Hagrid stood up, but his legs wouldn’t support him after the shock he’d just had and he sank back down on the bench, which gave an ominous crack.
Asking only workman’s wages, I come looking for a job, but I get no offers…
“But…where will I go?” Hagrid asked miserably.” What’ll I do?” The farm had been sold after his father’s death and while he had a little money from that, it wasn’t enough to support him for the rest of his life.
The Headmaster pressed his lips together. “That is no concern of mine Hagrid. You’ve made your bed and now you must lie in it. Just not here.” He pointed to the door. “Now get out! I don’t want you anywhere near any students!”
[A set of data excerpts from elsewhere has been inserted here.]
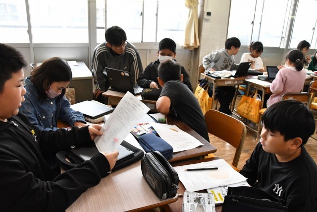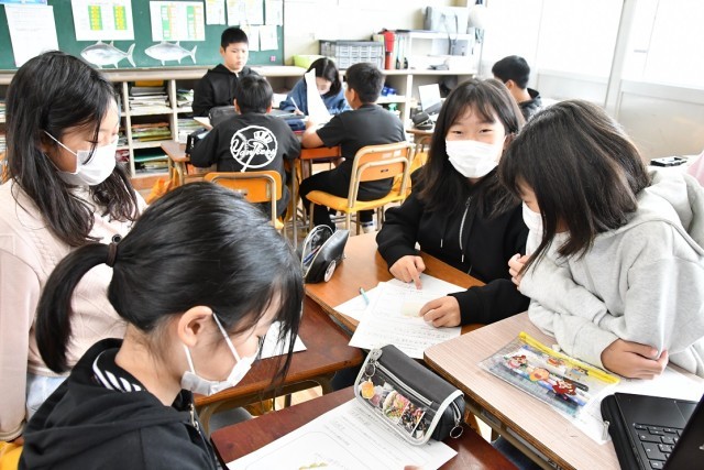 水産業の学習に入り、みんなが疑問に思ったことから学びのプランを作るようで、みんなの意見の一覧を見ながら気がついたことに線を引いていました。魚の捕り方や加工にについて興味や疑問を持っている人が多かったです。
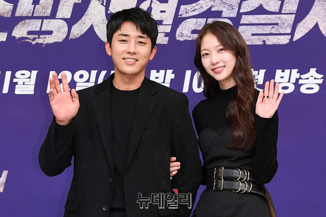 배우 손호준, 공승연이 10일 오후 온라인으로 열린 SBS 새 토일드라마 '소방서 옆 경찰서(연출 신경수, 극본 민지은)' 제작발표회에서 포즈를 취하고 있다.
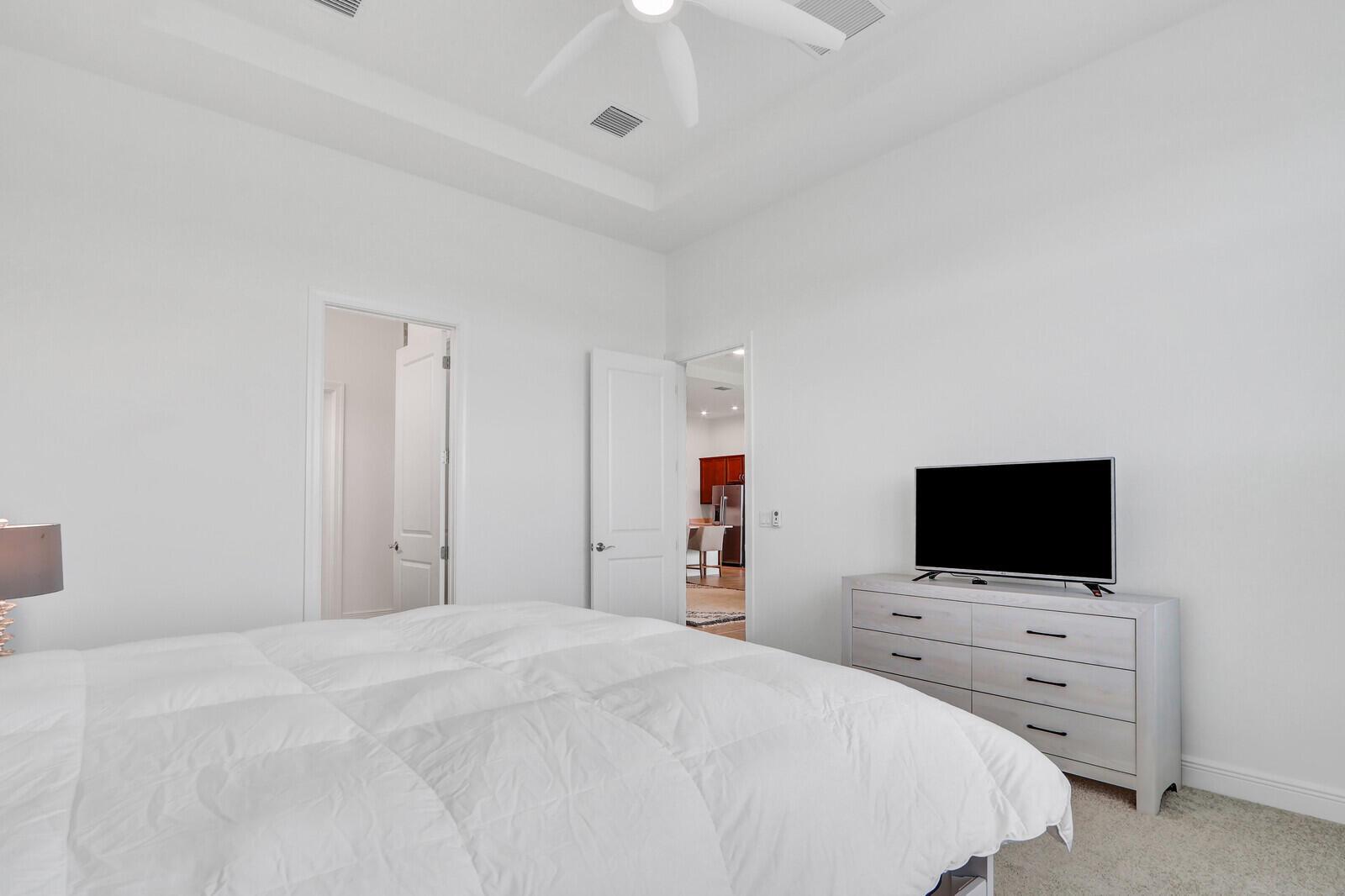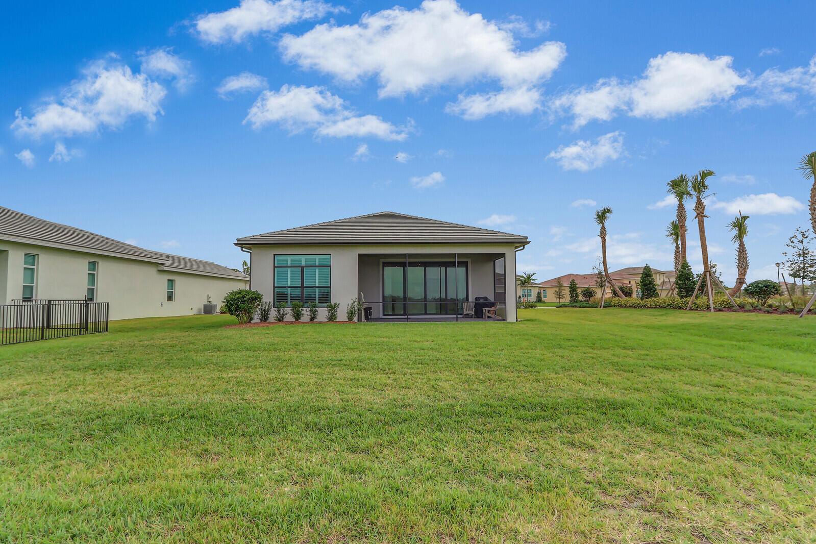 This Julia floor plan great room concept home offers two spacious master suites, 2.5 bathrooms, and a 2-car garage combining comfort and convenience in one of the most desirable communities in the area. The split bedrooms are perfect for multi-generational families or your weekend guests. Enjoy impact-resistant windows and doors, elegant plantation shutters, and an open great room concept perfect for entertaining. The chef's kitchen features a large island with quartz countertops, stainless steel appliances, and a walk-in pantry--ideal for modern living. Relax and unwind on your covered, screened lanai while taking in breathtaking sunset views over the lake. Located near the new community gate, this home offers quick access to Tradition area's restaurants, shopping, and I-95. PGA Verano
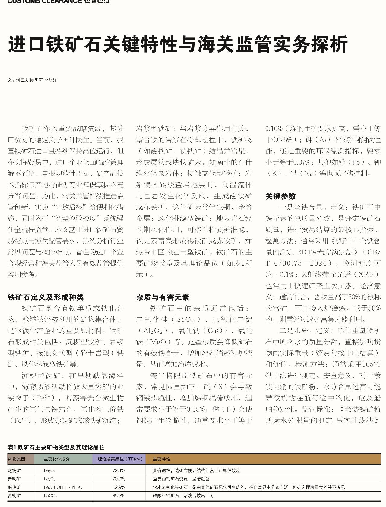 铁矿石作为重要战略资源,其进口贸易的稳定关乎国计民生。当前,我国铁矿石进口量持续保持高位运行,但在实际贸易中,进口企业仍面临政策理解不到位、申报规范性不足、矿产品技术指标与产地特征等专业知识掌握不充分等问题。为此,海关总署持续推进监管创新,实施“先放后检”等便利化措施,同时依托“智慧检验检疫”系统强化全流程监管。本文基于进口铁矿石贸易特点与海关监管要求,系统分析行业常见问题与操作难点,旨在为进口企业合规经营和海关监管人员有效监管提供实用参考。

Hagrid rose unsteadily to his feet, his face a picture of abject despair. He turned to leave the room.
“Oh, before you go Hagrid,” Dippet said nastily. “Your wand. Give it to me.”
Hagrid just stared at him, unable to comprehend what the Headmaster had just said.
“Come now, Hagrid! Give me your wand. You’ve been expelled and you are no longer a member in good standing of the Wizarding World. You wand will be broken and I will take a great deal of pleasure in doing the deed.” His eyes glittered meanly.
Hagrid reached into his pocket and took out his wand. He stared at the length of oak for a moment and then laid it very carefully on the Headmasters desk.
Til he cried out in his anger and his shame. I am leaving I am leaving but the fighter still remains.
Yes he remains…
Hagrid turned and walked slowly out of the Headmasters office. He swallowed hard to keep from crying. All he could think of was how glad he was that his father hadn’t lived to see his son disgraced. The stairs took him down to the entrance and Hagrid slowly walked out of the huge doors. He didn’t look behind him and he didn’t see the slender, dark-haired figure smiling evilly as it watched him leave.